What you need to do ->
Range to repeat from the listing below: the line containing "UCP HC는 VM웨어와" down to the line containing "Australian Prime Minister", both included. Copy it exactly, pictures excluded, and add nothing else.
[Data shown — start]
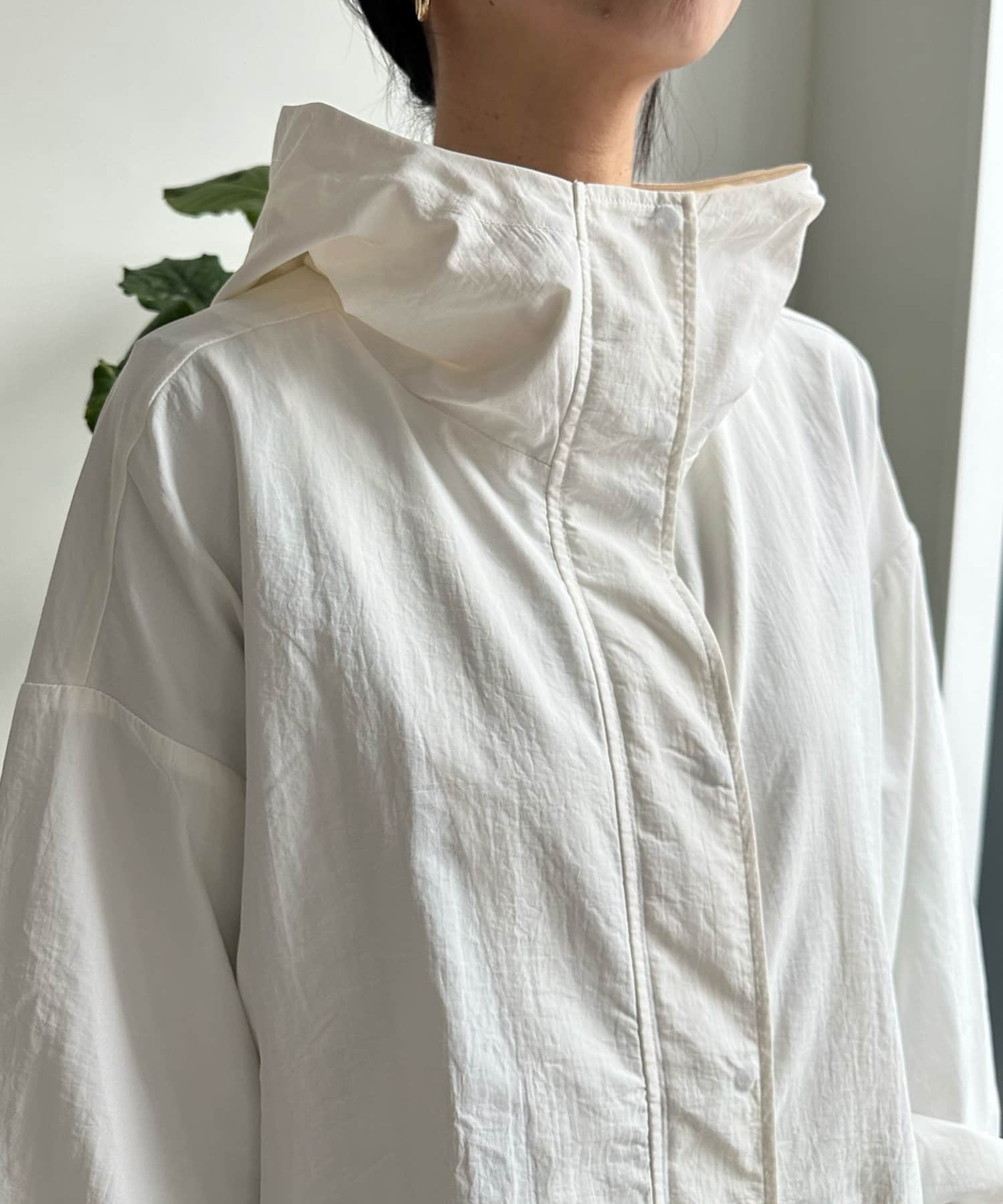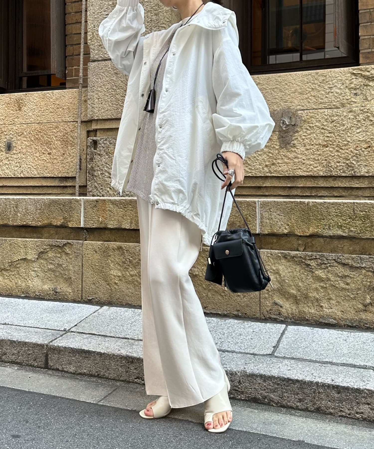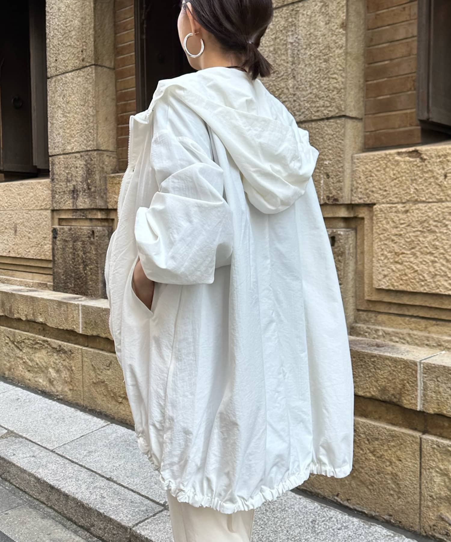 大人な印象で着用頂ける様、ドローコードによる変形シルエットなど細部にこだわった1着。
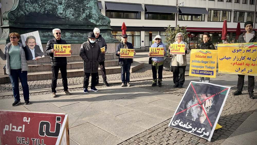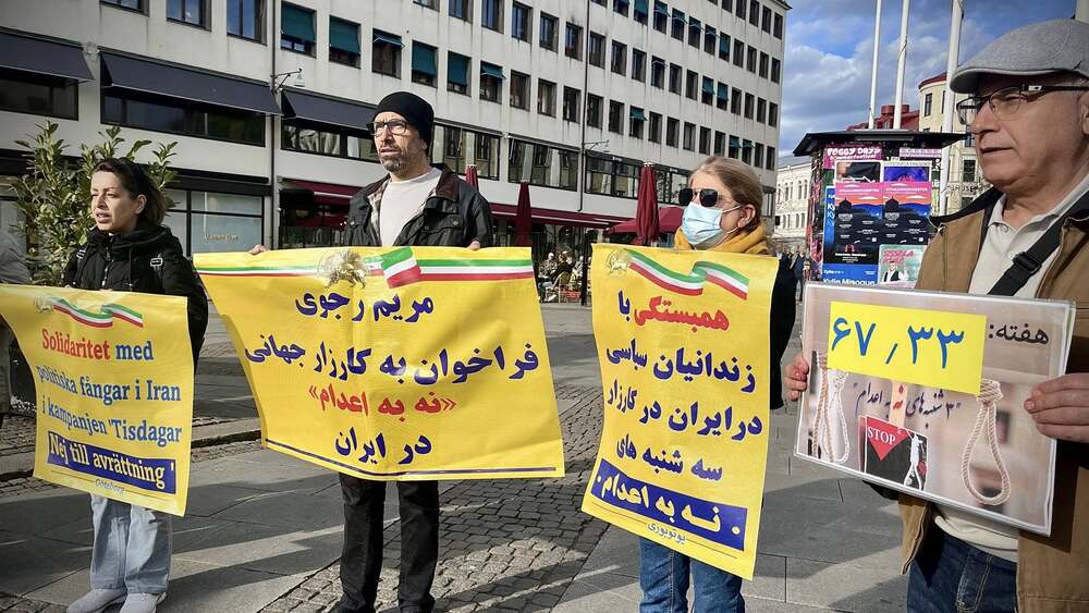 Gothenburg, Sweden – May 6, 2025: Supporters of the People’s Mojahedin Organization of Iran (PMOI/MEK) held a rally in solidarity with the No to Executions Tuesdays Campaign, marking the 33th consecutive week of their solidarity movement. The campaign is a response to the Iranian regime’s continued executions in its prisons.
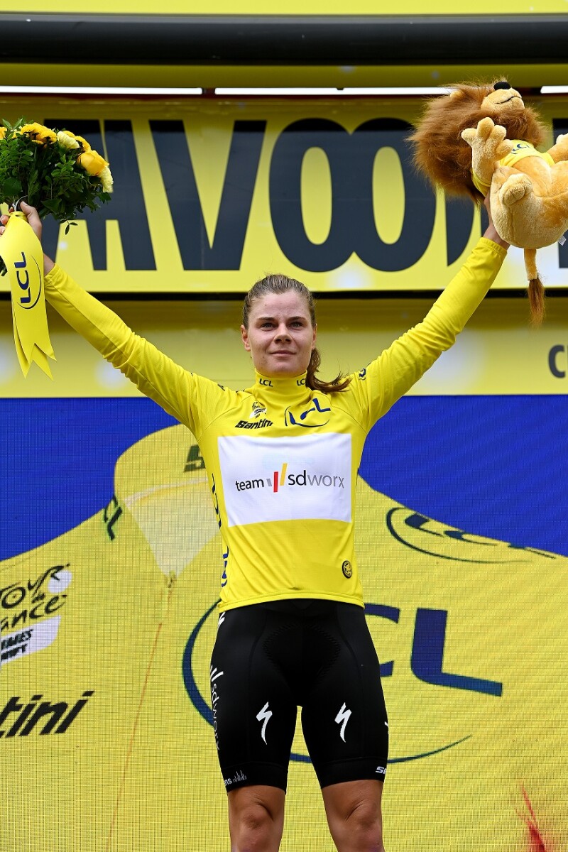 Team SD Worx is having a dream start in the Tour de France Femmes. The Dutch WorldTeam immediately made the most of its strength in width in the first stage. On the Côte de Durtol at 9.4 kilometres from the finish, Lotte Kopecky placed a scorching acceleration to which nobody had an answer. The Belgian then soloed to victory and the accompanying yellow jersey, before Lorena Wiebes also sprinted to second place.
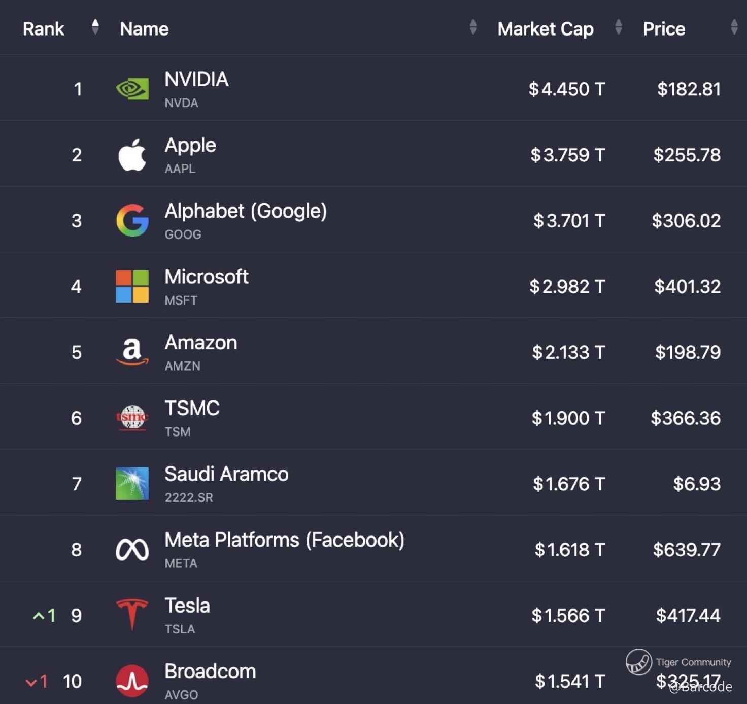 The top 10 largest stocks in the world are now worth a combined $25.33 Trillion, down from $25.99T last week!
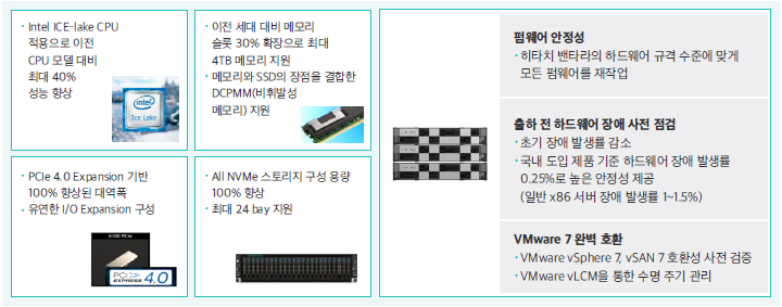 UCP HC는 VM웨어와 공동 협업을 통해 가용성, 안정성, 성능이 모두 사전에 검증 완료된 어플라이언스다. 특히 ‘라이프사이클 매니저’가 추가돼 하드웨어 전반의 수명주기를 관리할 수 있으며, 모든 구성이 VM웨어와 완벽하게 통합돼 있다. 기술지원 또한 하드웨어와 소프트웨어가 통합된 단일 창구로 운영되므로 신속하고 원활한 기술지원을 받을 수 있다.
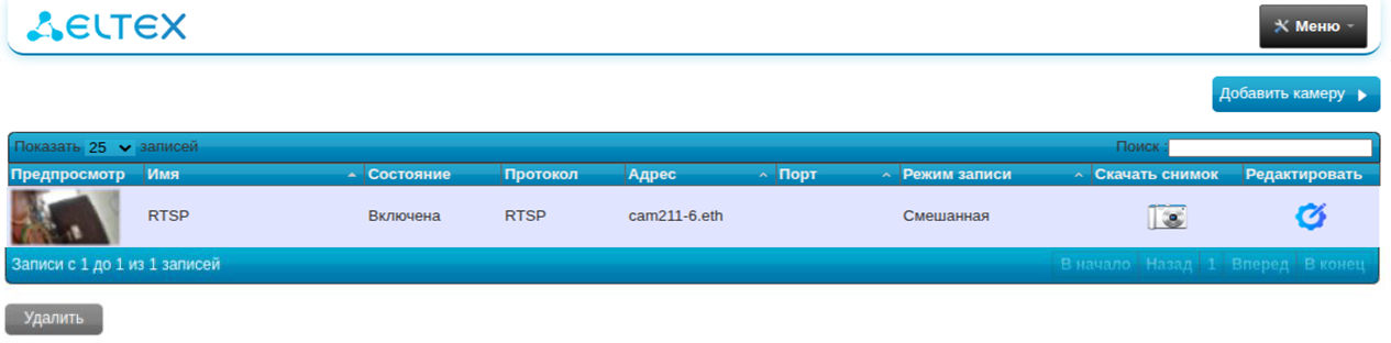 Также можно удалить камеру на данной странице, нажав кнопку Удалить и подтвердив данное действие.
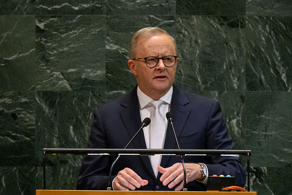 Australian Prime Minister Anthony Albanese speaks at the 80th session of the U.N.’s General Assembly (UNGA) in New York City, on Sept. 24, 2025. Alexi J. Rosenfeld/Getty Images
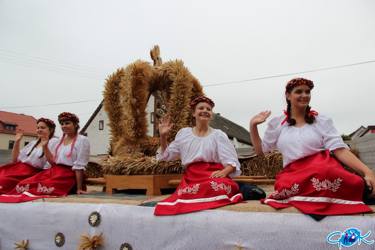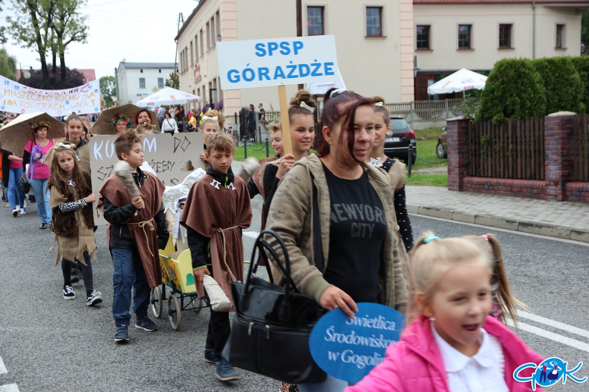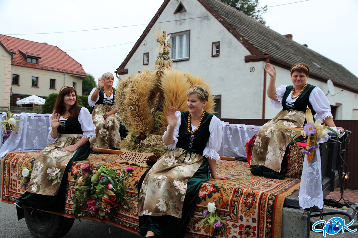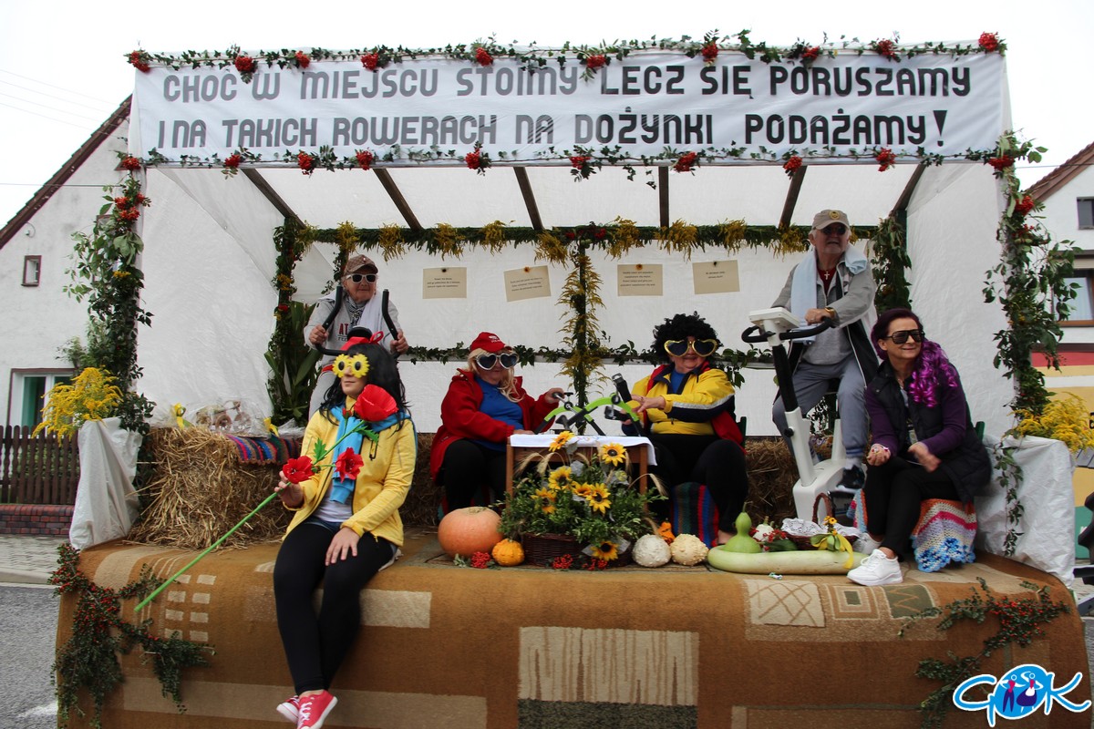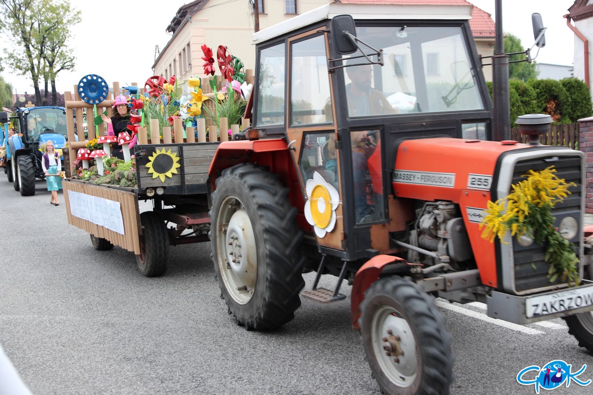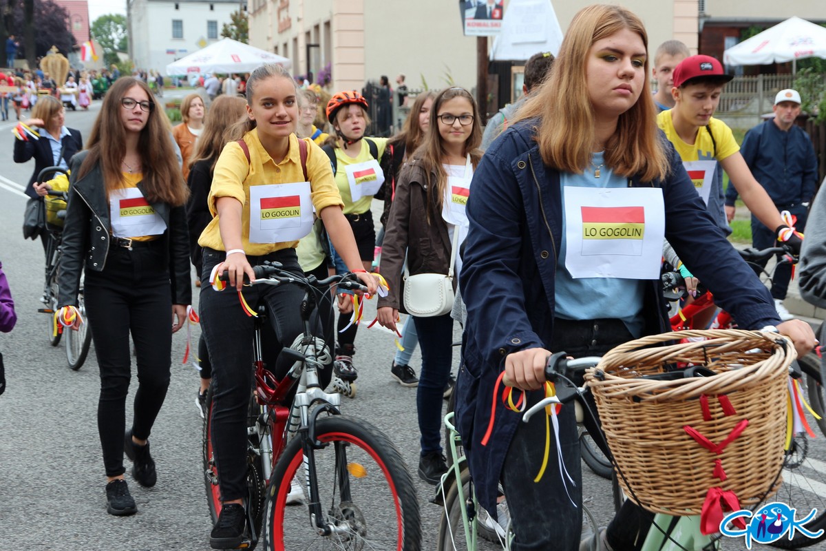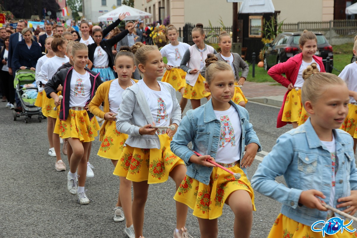 W godzinach popołudniowych pod Izbą Tradycji uformował się barwny korowód, który przemaszerował przez centrum miejscowości do przypałacowego parku, gdzie odbyły się oficjalne uroczystości. Korowód prowadziła Miejska Młodzieżowa Orkiestra Dęta z Gogolina oraz Mażoretki ArriVa funkcjonujące przy Gminnym Ośrodku Kultury w Gogolinie. Tradycyjnie można było podziwiać pięknie przyozdobione przyczepy, wozy z humorystycznymi scenkami rodzajowymi, bogato zdobione – misternie wykonane korony oraz wieńce dożynkowe, czy płody rolne lokalnych rolników, ogrodników i działkowców. W przemarszu wzięli udział również przedstawiciele sołectw i dzielnic, gminnych jednostek organizacyjnych, placówek oświatowych, stowarzyszeń i lokalnych grup działania, oraz uczestnicy konkursu „Rowerem w dożynkowym korowodzie”.
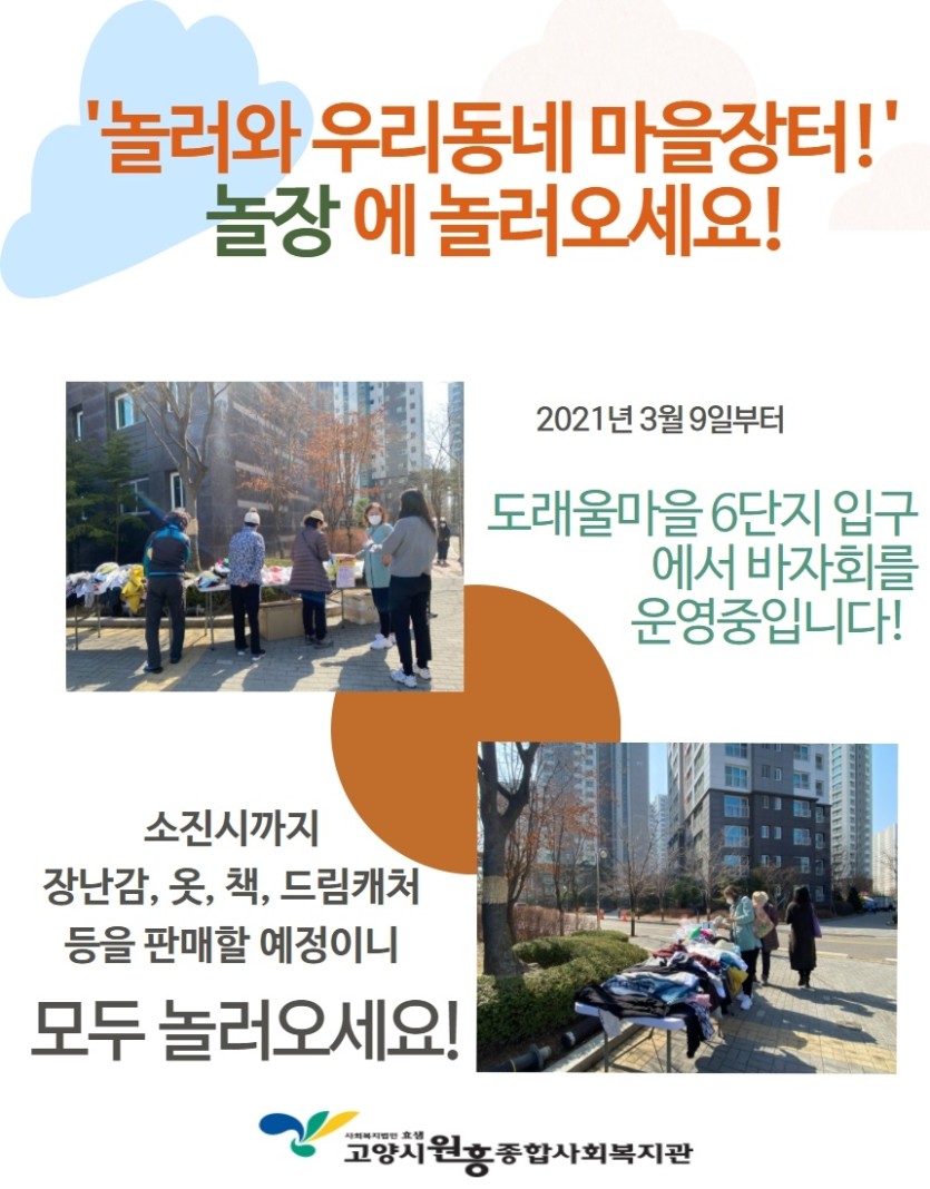 놀장바자회 이야기 페이지 정보 작성자 관리자 댓글 0건 조회463회 작성일 21-03-09 17:01 목록 본문 이전글고양시특별방역주간(2021.4.26.~5.10.) 종합사회복지관 일제 방역소독의 날 21.04.30 다음글1월 첫째주 경로식당 이야기 21.01.11 댓글 0 댓글목록 등록된 댓글이 없습니다.
[Data shown — finish]
Output ->
 UCP HC는 VM웨어와 공동 협업을 통해 가용성, 안정성, 성능이 모두 사전에 검증 완료된 어플라이언스다. 특히 ‘라이프사이클 매니저’가 추가돼 하드웨어 전반의 수명주기를 관리할 수 있으며, 모든 구성이 VM웨어와 완벽하게 통합돼 있다. 기술지원 또한 하드웨어와 소프트웨어가 통합된 단일 창구로 운영되므로 신속하고 원활한 기술지원을 받을 수 있다.
 Также можно удалить камеру на данной странице, нажав кнопку Удалить и подтвердив данное действие.
 Australian Prime Minister Anthony Albanese speaks at the 80th session of the U.N.’s General Assembly (UNGA) in New York City, on Sept. 24, 2025. Alexi J. Rosenfeld/Getty Images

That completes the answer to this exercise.